Amazon.com Review
This book is bound to leave you speechless--either due to slack-jawed shock or belly-aching laughter. It is, as the title does suggest, about a homicidal lesbian terrorist, and all that you might imagine this entails: men-hating, men-bashing, men-dismemberment. Those who are uncomfortable with over-the-top stereotypes should steer way clear of this book. But for the open-minded reader (not limited to militant lesbians), this is one heck of a ride.
From Publishers Weekly
By turns shocking, hilarious, introspective and wrenching, this second compilation of DiMassa's quarterly comic never fails to amaze. Everybody's favorite knife-wielding lesbian is back to avenge her sisters with hair-trigger glee, overdosing on coffee and societal hypocrisy while she hangs out with old friends (resident feline nurturer, Chicken, or Zen-mother Roz) and bounces off new ones.
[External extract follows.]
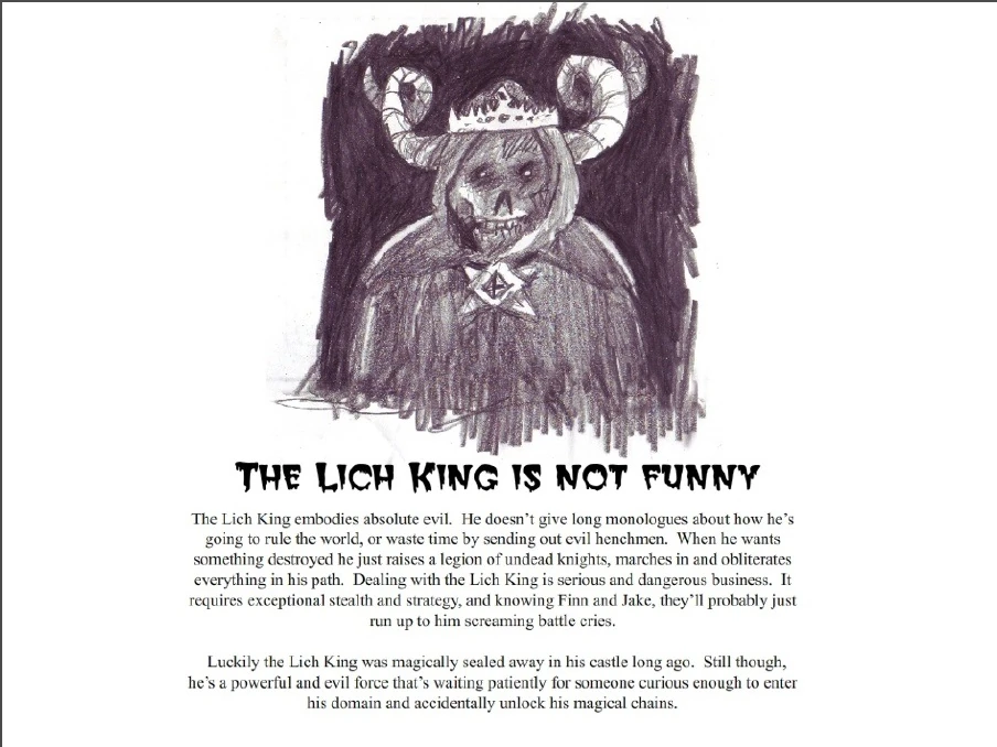 El documento dice textualmente lo siguiente: "El Rey Lich es la maldad encarnada. A él no le importa dar discursos largos sobre cómo dominará el mundo, o perder el tiempo enviando subordinados a hacer su trabajo. Cuando él quiere destruir algo sólo envía una legión caballeros no-muertos, marcha y oblitera todo a su paso. Tratar con el Rey Lich es una tarea muy seria y peligrosa, requiere de gran y excepcional cautela y estrategia, y conociendo a Finn y Jake, ellos probablemente correrán hacía él lanzando gritos de guerra".

DiMassa's panoptic wit is still needle-sharp and merciless, and her graphic technique continues to evolve: without losing the frenetic looseness of her earlier style, this work features a new, delightful deftness of line. The 30 pages of new art that open this volume prime the Hothead neophyte and provide wickedly nostalgic moments for the devotee before leaning through the contemplative, spiritual window that's the flip side of Hothead's frenzy. Justice never comes without high cost in Hothead's world; her wrath isn't absorbed by a convenient vacuum. Though the unapologetic ferocity is still here in force-the visceral, disturbingly cathartic venting of righteous fury-so is the violence that engendered it. This book presents the struggle against despair, the dilemma of transcendence, and the puckish wisdom of cats. It's full of painfully earned riches for anyone, female or male, gay or straight, who's brave enough to partake.